This thread has been locked.

If you have a related question, please click the "Ask a related question" button in the top right corner. The newly created question will be automatically linked to this question.

Simulator inaccuracies in C6474 EDMA3 example



[Edit RandyP: This thread is related to Debug help with C6474 EDMA3 example.
CCSv4.2.4.00033
Code Generation Tool TI v7.3.0
C6474 Symmetric Device Cycle Accurate Simulator, Big-endian
Files used are included in this thread and/or the one above for reference.]

 

I am mentioning some anomalies below, including bugs which I'm not able to fix. Benchmarks first:

 

 

Setup:

Buffer size: Uint32 80, so 320 bytes
Allocation: All buffers are in L2 memories, lo* are in local (core 0) and rm* are in remote (core 1)
Execution: The code runs on core 0
CPU clock speed: 1GHz (cycle time 1ns)
Compile optimization level: o3
Numbers above are in cycles/ns

 

Benchmarks:

transfers on platform:                  transfers on simulator:

---------------------------             ----------------------------


loRd, loWr cpu  : 205                   loRd, loWr cpu  : 102

loRd, loWr cpu  : 281                   loRd, loWr cpu  : 218

loRd, loWr cpu  : 299                   loRd, loWr cpu  : 240


loRd, loWr edma : 561                   loRd, loWr edma : 576

loRd, loWr edma : 740                   loRd, loWr edma : 578

---------------------------             ----------------------------


loRd, rmWr cpu  : 618                   loRd, rmWr cpu  : 643

loRd, rmWr cpu  : 618                   loRd, rmWr cpu  : 645

loRd, rmWr cpu  : 618                   loRd, rmWr cpu  : 724


loRd, rmWr edma : 607                   loRd, rmWr edma : 522

loRd, rmWr edma : 611

---------------------------             ----------------------------


rmRd, loWr cpu  : 3431                  rmRd, loWr cpu  : 2322

rmRd, loWr cpu  : 3435                  rmRd, loWr cpu  : 2401

rmRd, loWr cpu  : 3437                  rmRd, loWr cpu  : 2417


rmRd, loWr edma : 548                   rmRd, loWr edma : 558

rmRd, loWr edma : 660                   rmRd, loWr edma : 562

rmRd, loWr edma : 662

---------------------------             ----------------------------


rmRd, rmWr cpu  : 4072                  rmRd, rmWr cpu  : 3011

rmRd, rmWr cpu  : 4158                  rmRd, rmWr cpu  : 3081

rmRd, rmWr cpu  : 4158                  rmRd, rmWr cpu  : 3091


rmRd, rmWr edma : 604                   rmRd, rmWr edma : 576

rmRd, rmWr edma : 608

---------------------------             ----------------------------

 

Anomalies:

a) higher than expected EDMA transfer time

Documented EDMA steady state throughput: at least 2GB/s

Documented EDMA prolog and epilog costs: ~150 cycles (sum)

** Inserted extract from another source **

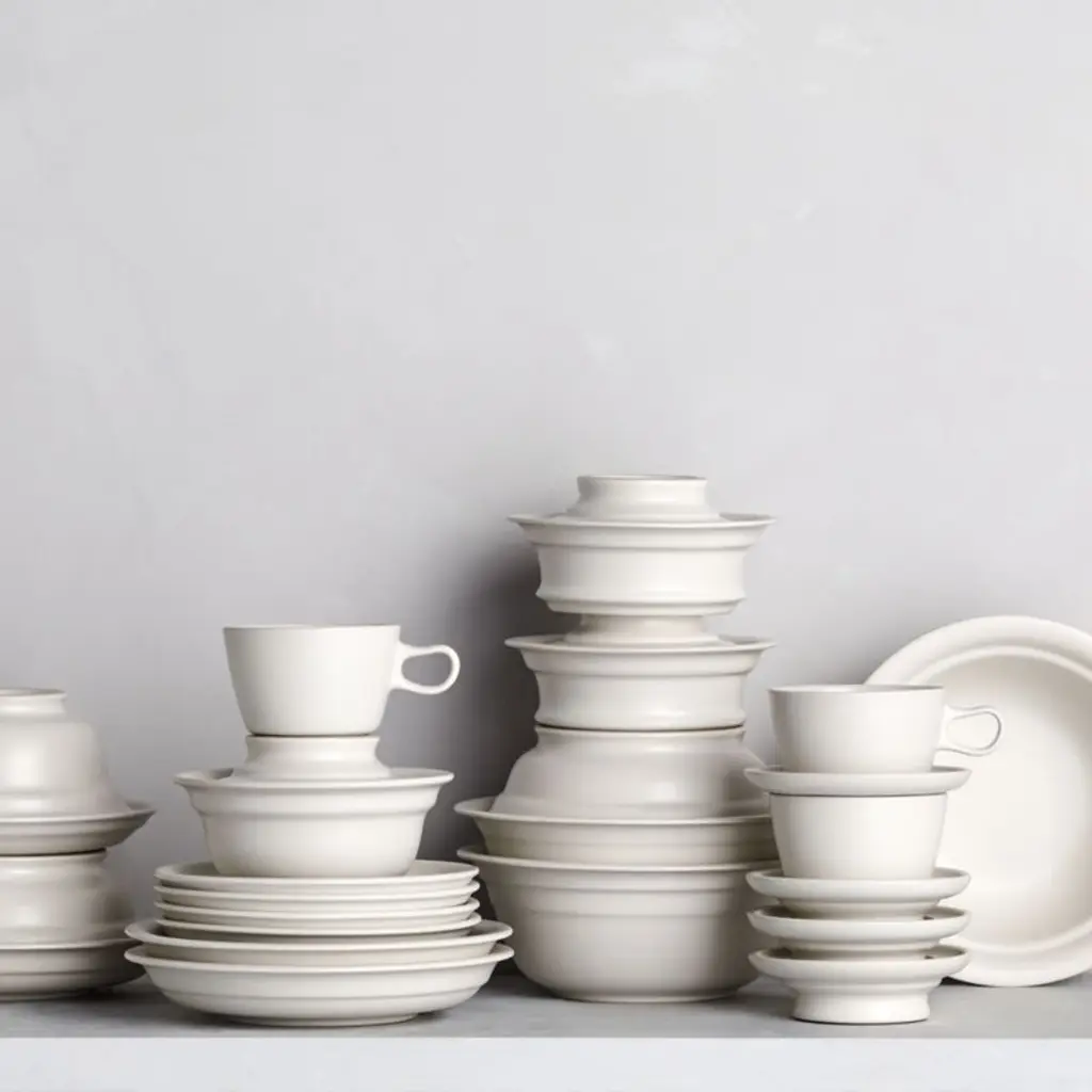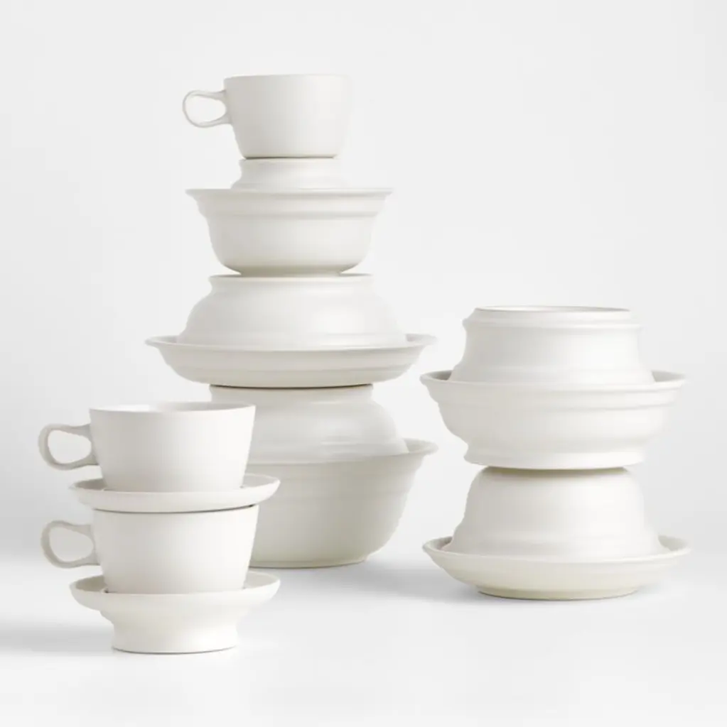 Flip, stack, serve and feast. Artist James Lewis designed this versatile dinnerware collection just for us, inspired by handmade pieces from his California studio. Glazed creamy white, this plate is ideal for salads, sandwiches and sides. The ingenious plate can also serve as a lid for the Jamesware cereal bowl or side dish, and either of those pieces can top this bowl as a lid. Interior ledges and broad rims ensure pieces fit together snugly. Combine the salad plate with other gorgeous dishes from our modular, small-batch ceramics collection to expand the stacking and serving possibilities.

Expected EDMA transfer time: 160ns + 150ns = 310ns

Observed EDMA transfer time: about 610ns

 

b) platform and simulator cycle count mismatch

It seems the simulator is underestimating most transfer times,

even though it is supposed to be cycle accurate.

 

c) buffer manipulation errors on platform

The code works fine and destination and source buffers match up

after transfer on the simulator, but except (loRd, loWr) case, 

none other matches on the platform.

 

Any comments or debug advice?

Thanks,
Manu 

P.S.: The reference used for EDMA expected transfer time is http://focus.ti.com/lit/an/spraag8/spraag8.pdf  It is for TCI6482, so it may not necessarily apply to C6474.

 

  • Manu,

    You have done a lot of good work here.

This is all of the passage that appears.